This search for uncorrupted nature led Wilde to a ferocious individualism, ironically attained by means that in the nineteenth century were considered criminal: sexual deviancy. Dollimore relates Wilde's homosexuality to the search for self-identity, suggesting that he creates a natural self only by casting down "a Protestant ethic and high bourgeois moral rigor and repression that generated a kind of conformity which Wilde scorned." (p.3) Wilde brought about this internal upheaval, or recreation as Dollimore puts it, in many young disciples (significantly Gide, who is most vocal about reporting the chaos it threw into his life). This practice, somewhat of a game to Wilde, calls to mind The Picture of Dorian Gray, in which young Dorian is seduced and corrupted by the older Lord Henry, who attempts to both free the beautiful boy from convention and entertain himself.

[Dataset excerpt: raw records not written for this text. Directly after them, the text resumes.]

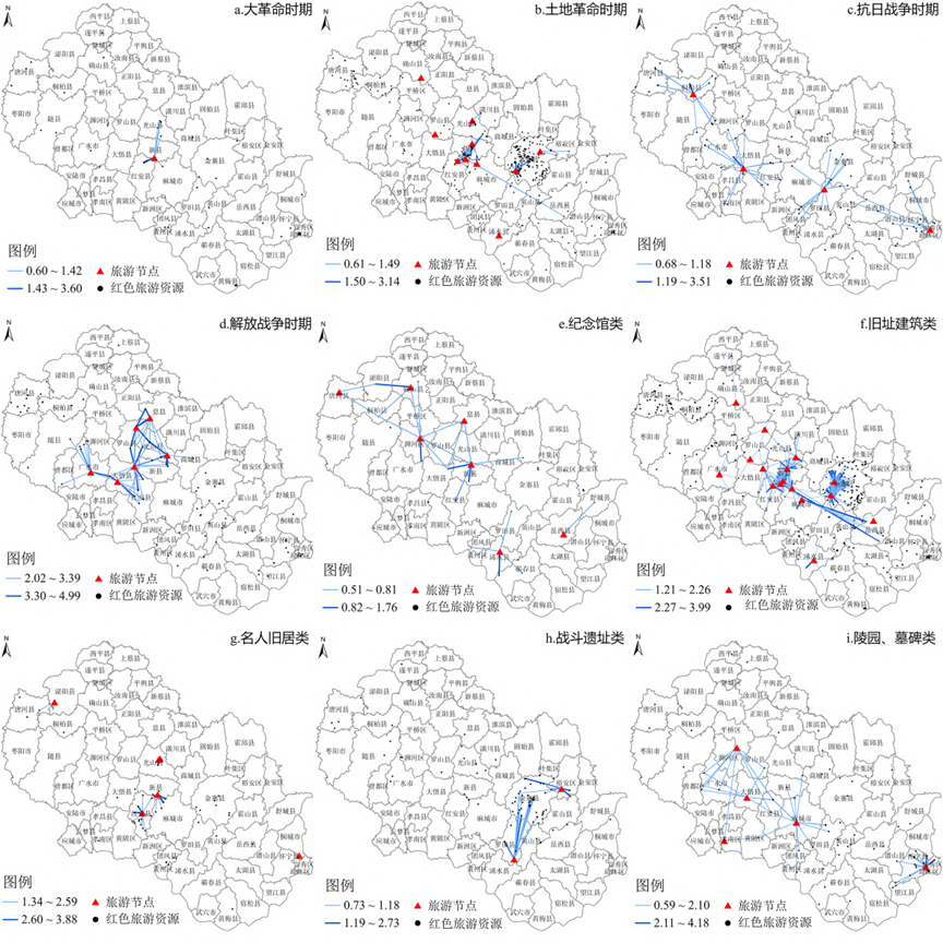 图2 不同历史时期、不同资源类型红色旅游资源网络结构可视化表达
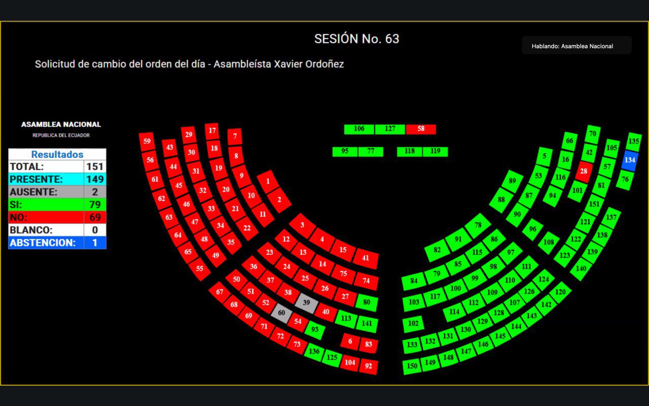 El Pleno de la Asamblea Nacional, con 79 votos afirmativos, aprobó el proyecto de resolución que dispone a la Comisión Especializada Permanente de Relaciones Internacionales y Movilidad Humana iniciar un proceso integral de fiscalización sobre las actuaciones del alcalde del Distrito Metropolitano de Quito, Pabel Muñoz, así como de las autoridades de las empresas públicas metropolitanas, en relación con los procesos de contratación pública y gestión administrativa vinculados a la adquisición de 60 trolebuses.
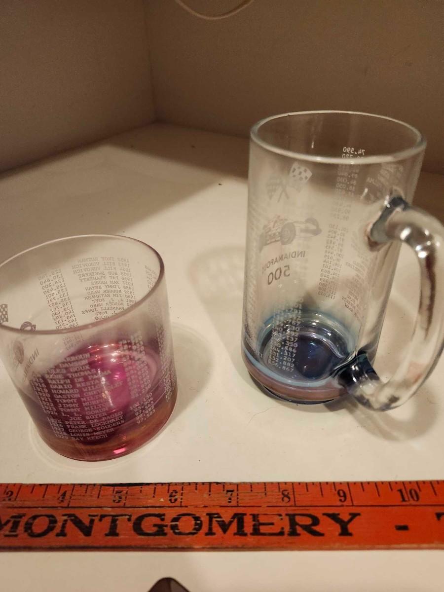 This glass mug weighs 9.4 ounces. 5-5/8” inches tall. Base is 2-1/4” inches in diameter and the rim is 2/3/4” inches in diameter.
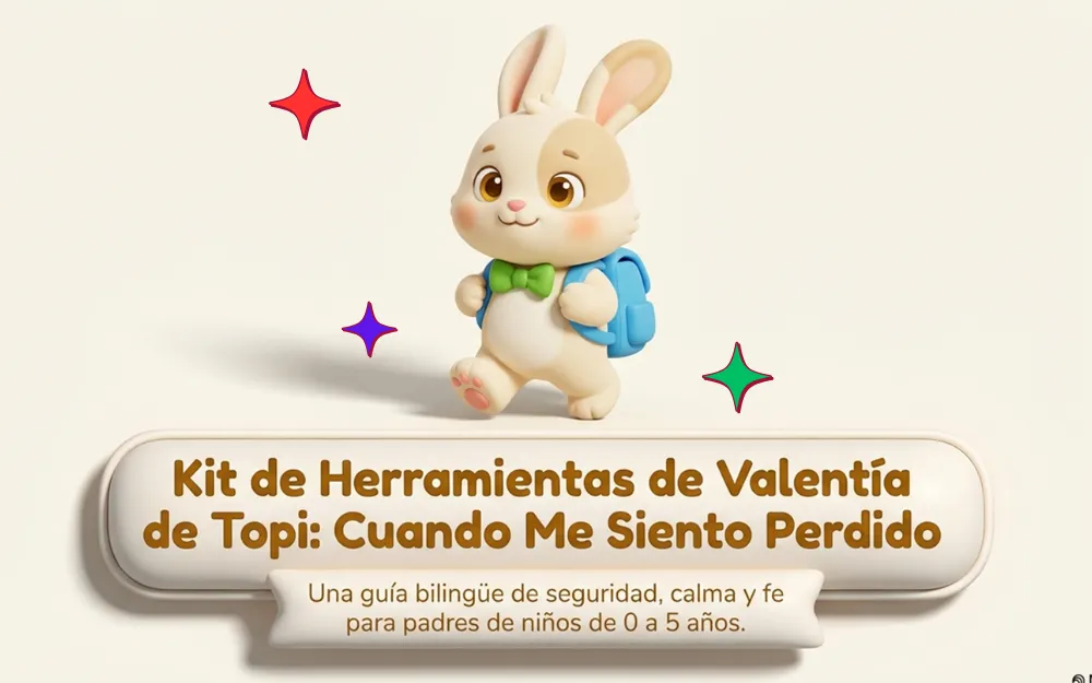 Topi no es solo un cuento tierno: es una historia bilingüe sobre fe, familia y valentía. Topi ora con su familia, se queda solo por accidente, siente miedo, recuerda orar, recibe ayuda en el camino y finalmente se reencuentra con Caleb, Ainara y Amyr.
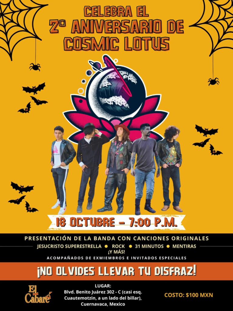 18/10 Cosmic Lotus, II Aniversario Banda cuernavaquense de rock y pop enfocada en covers populares y creación de música original. Además de poner música a la obra de Broadway “Jesucristo Superestrella” y hacer lives de TikTok. FB: Cosmic LotusIG: Cosmic Lotus 19 hs/ $100
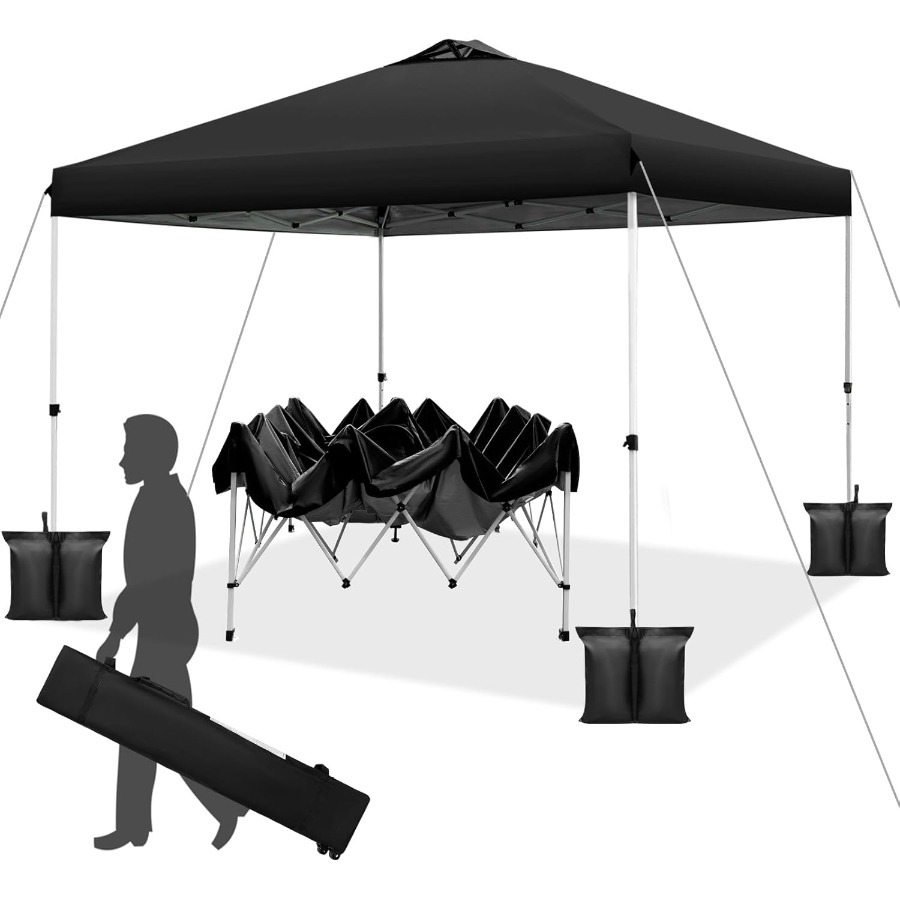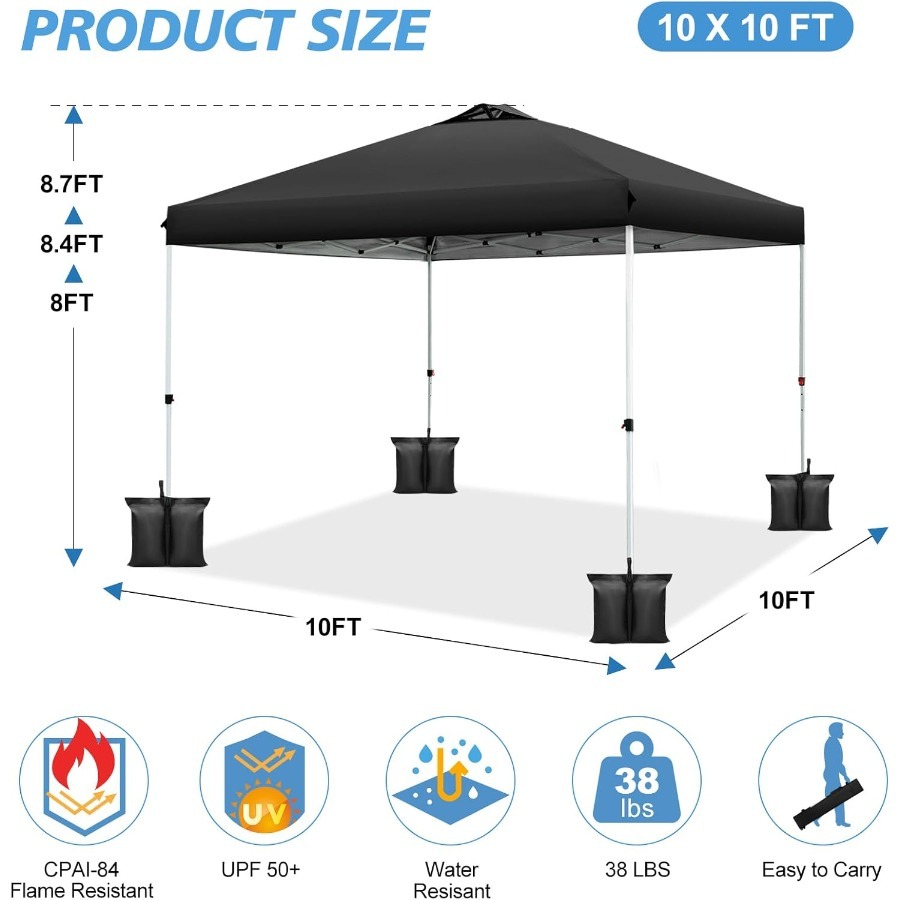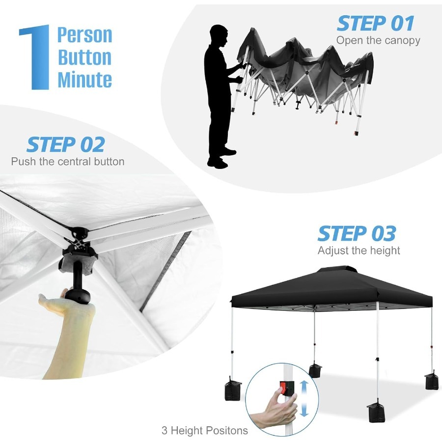 Carpa plegable de 10 x 10 pulgadas con un solo botón de instalación y altura ajustable para eventos al aire libre y campamentos. Refugio portátil instantáneo.

This parallel between life and literature is not the least reason to believe that Dorian Gray provides insight into Wilde's life when read as an autobiography. Mutlu Konuk Blasing writes in The Art of Life that "autobiographical writing necessarily involves a splitting or doubling of the self. In the act of writing about oneself, the author becomes narrator and hero, observer and observed, subject and object, and the two selves are like mirror images of each other." (p.27) This is clearly read in Dorian Gray, where the disjunction between self-image and public image are captured in superficial allure of Dorian's face and the repellant, withering soul that the painting represents. It has been suggested that in most of Wilde's works-in which the same cast of characters is paraded before the reader repeatedly-most characters are an expression of the author in different moods. In Dorian Gray, Lord Henry represents the perverted, elder Wilde, and the gorgeous but soulless Dorian (distinct from his concrete conscience, stored in the painting) is that part of Wilde which has been itself corrupted. The text becomes Wilde's way of reintegrating the his "self", in the same manner, Blasing suggests, as Whitman's "Song of Myself", in which the poet "unites the self by defining consciousness-the self as subject-as literal self-consciousness on consciousness of the self as object." (p.27) In breaking up personality into at least three sections-innocence, soul, and corruption-Wilde tries to make sense of each, and test different ways of fitting them together. Watching him try to do this is an excellent study of how he fit together the conflicting units that composed his personality.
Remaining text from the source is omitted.